The two-part Phase 1 trial is exploring the therapy’s safety, pharmacological properties, and preliminary efficacy in up to 38 adults with FAP and 36 adults with ATTR-CM. All will be followed for up to two years.

In its first part, 15 FAP patients were given a single infusion of the therapy at one of four doses — 0.1, 0.3, 0.7, and 1 mg/kg. Interim efficacy data showed a single dose led to dose-dependent reductions in blood TTR levels after about a month.

Those reductions were sustained for at least six months and up to a year for some patients. In the highest dose group, the average reduction after six months was 93%.

The therapy was generally well tolerated. Common side effects included headache, back pain, rash, nausea, and infusion-related reactions.

In May 2022, dosing began in the second, dose-expansion part, wherein more FAP patients received a single infusion at the dose deemed best based on data from the first part.
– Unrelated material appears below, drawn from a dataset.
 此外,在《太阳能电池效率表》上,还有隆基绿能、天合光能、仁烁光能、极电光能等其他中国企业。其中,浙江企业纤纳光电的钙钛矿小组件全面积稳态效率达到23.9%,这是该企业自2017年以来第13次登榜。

Enrollment in that phase was completed earlier this year.

The three patients who received the lowest dose of NTLA-2001 (0.1 mg/kg) in the first part are currently being given it at 55 mg — which was selected for the dose-expansion portion.

Additional findings are due to be presented this year.
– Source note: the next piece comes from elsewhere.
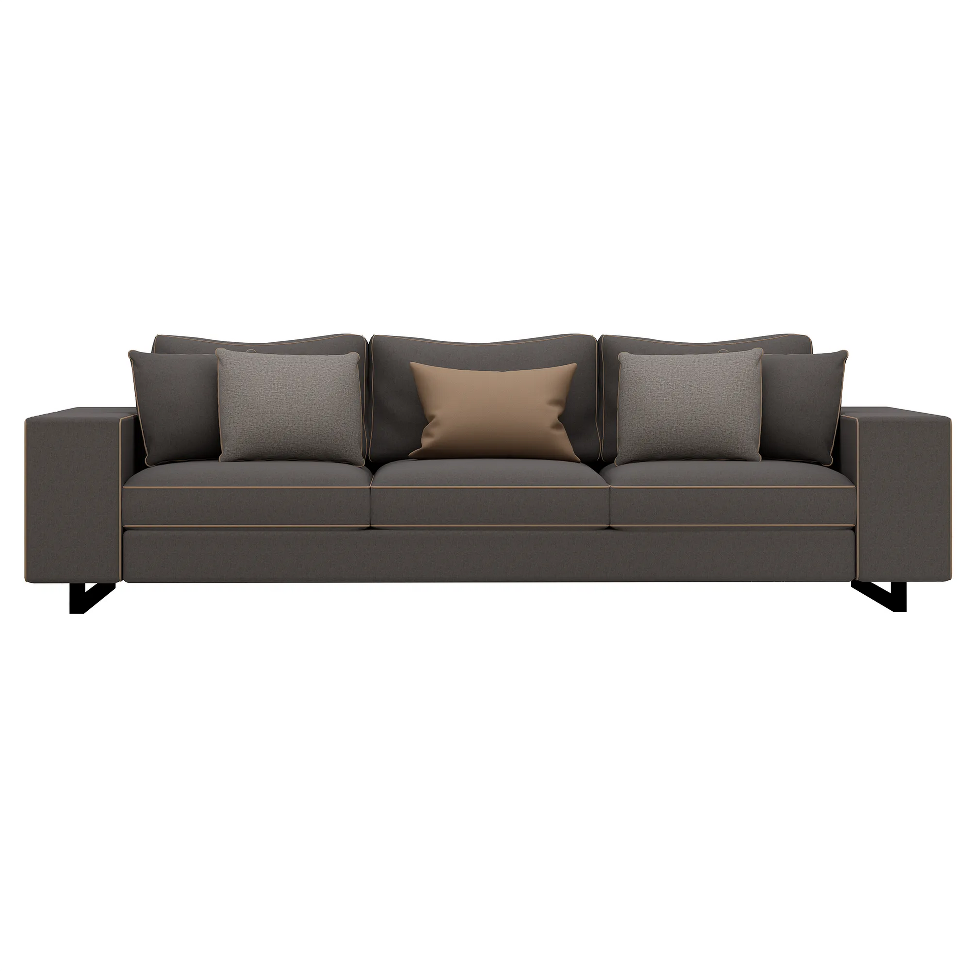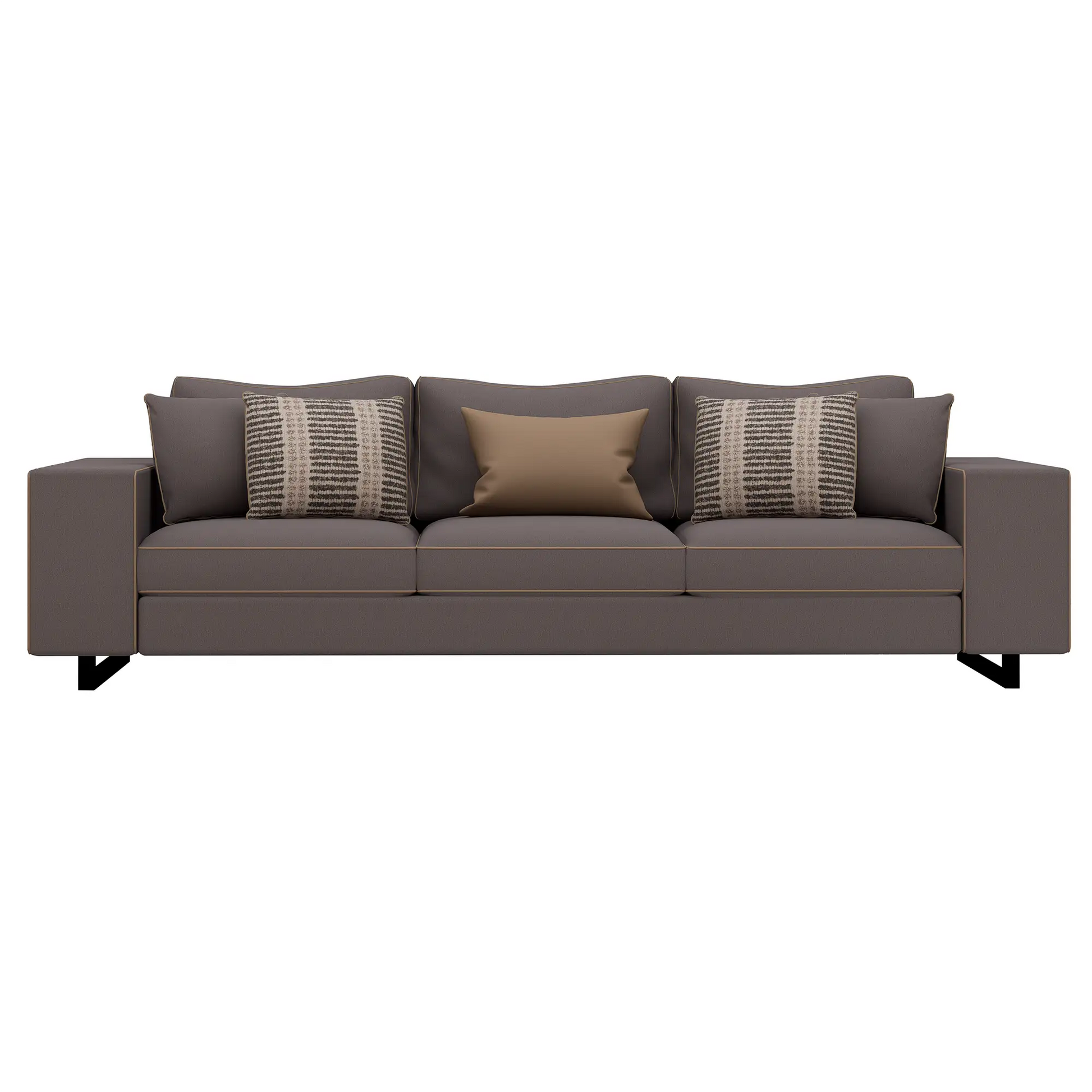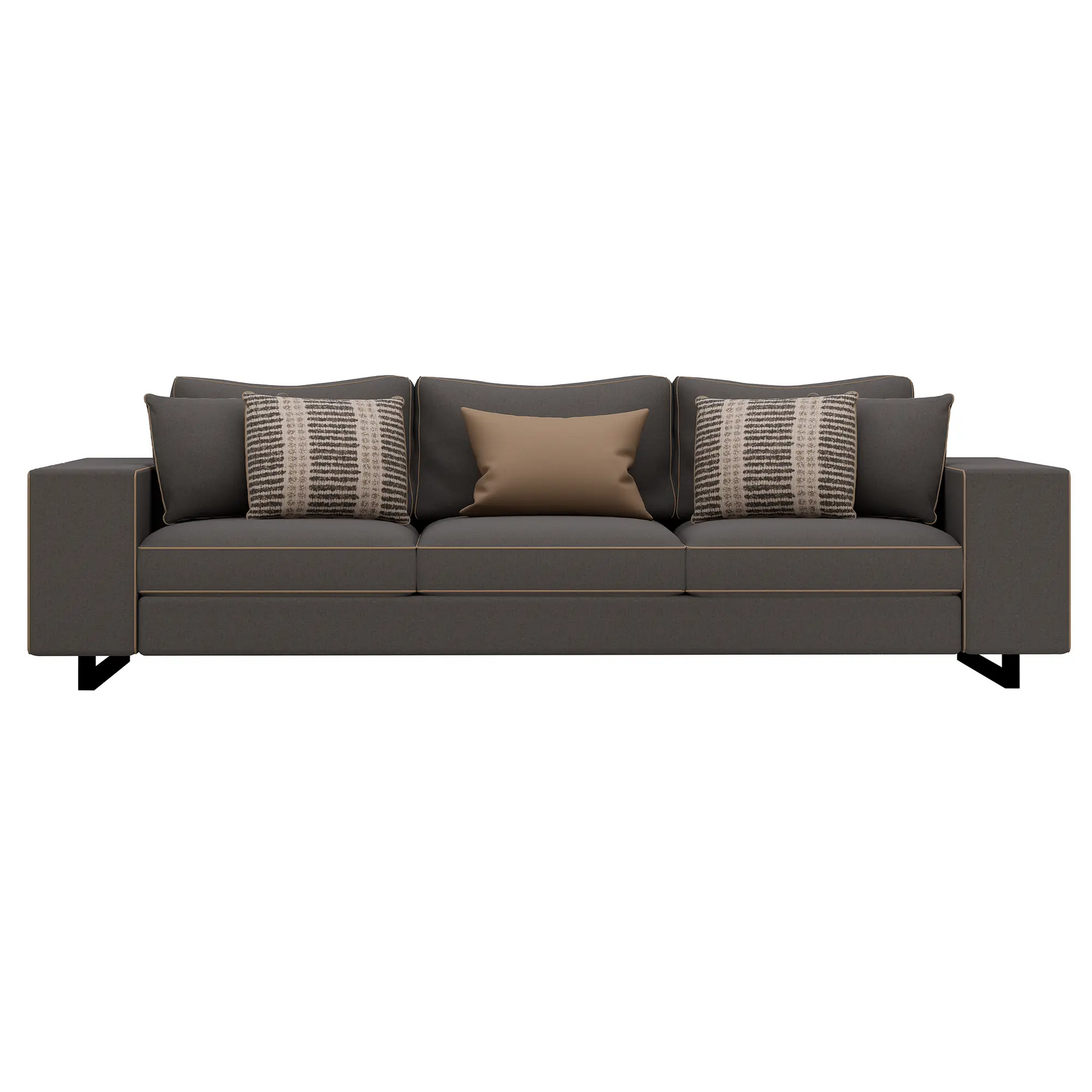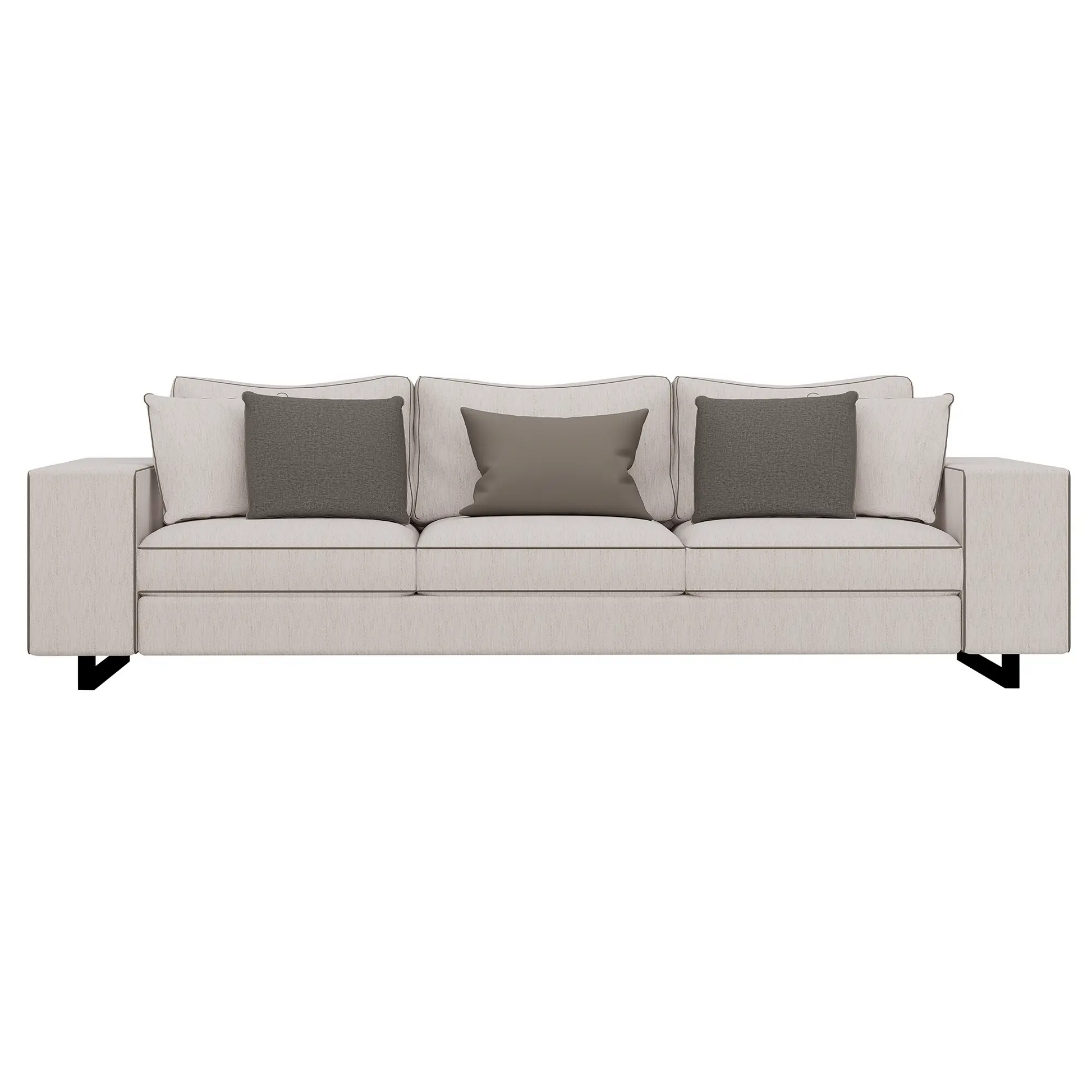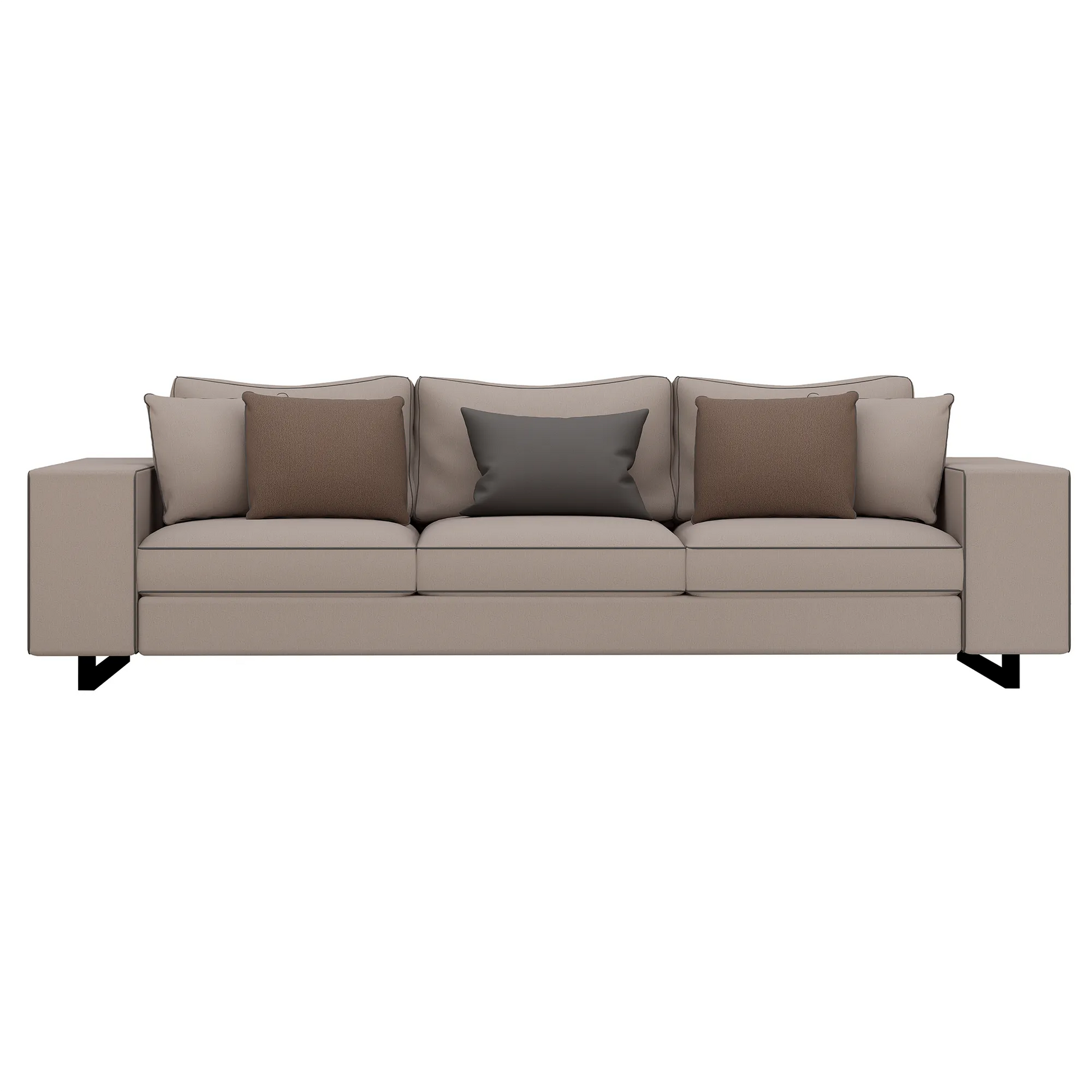 El Sofá Piero es una pieza que equilibra la elegancia formal con un diseño de máximo confort, ideal para salas que buscan un ambiente sofisticado y acogedor. Está tapizado en un tejido suave de tono beige o taupe claro, con un ribete sutil que perfila los cojines, añadiendo un detalle de diseño pulido. Estos cojines, que combinan texturas jaspeadas y tonos sólidos, permiten al usuario personalizar su nivel de soporte y estilo. El Sofá Piero es la elección perfecta para quienes buscan un diseño moderno, un lujo suave y una adaptabilidad excepcional en una pieza central.

A parallel study arm to evaluate NTLA-2001 in ATTR-CM patients was added to the Phase 1 trial in 2021. Interim data from the first part of that arm were presented at a scientific conference last year. Among 12 men with ATTR-CM, nine were given a dose of 0.7 mg/kg and three received the 1 mg/kg dose.

Similarly to findings in FAP patients, the therapy was generally well tolerated and resulted in significant reductions in blood TTR levels after a month that were sustained for at least four months and up to six months for some patients with available data.

Enrollment of ATTR-CM patients for the trial’s second, dose-expansion part was completed in December.

Additional results from these patients are expected this year, including longer-term safety data and exploratory efficacy outcomes.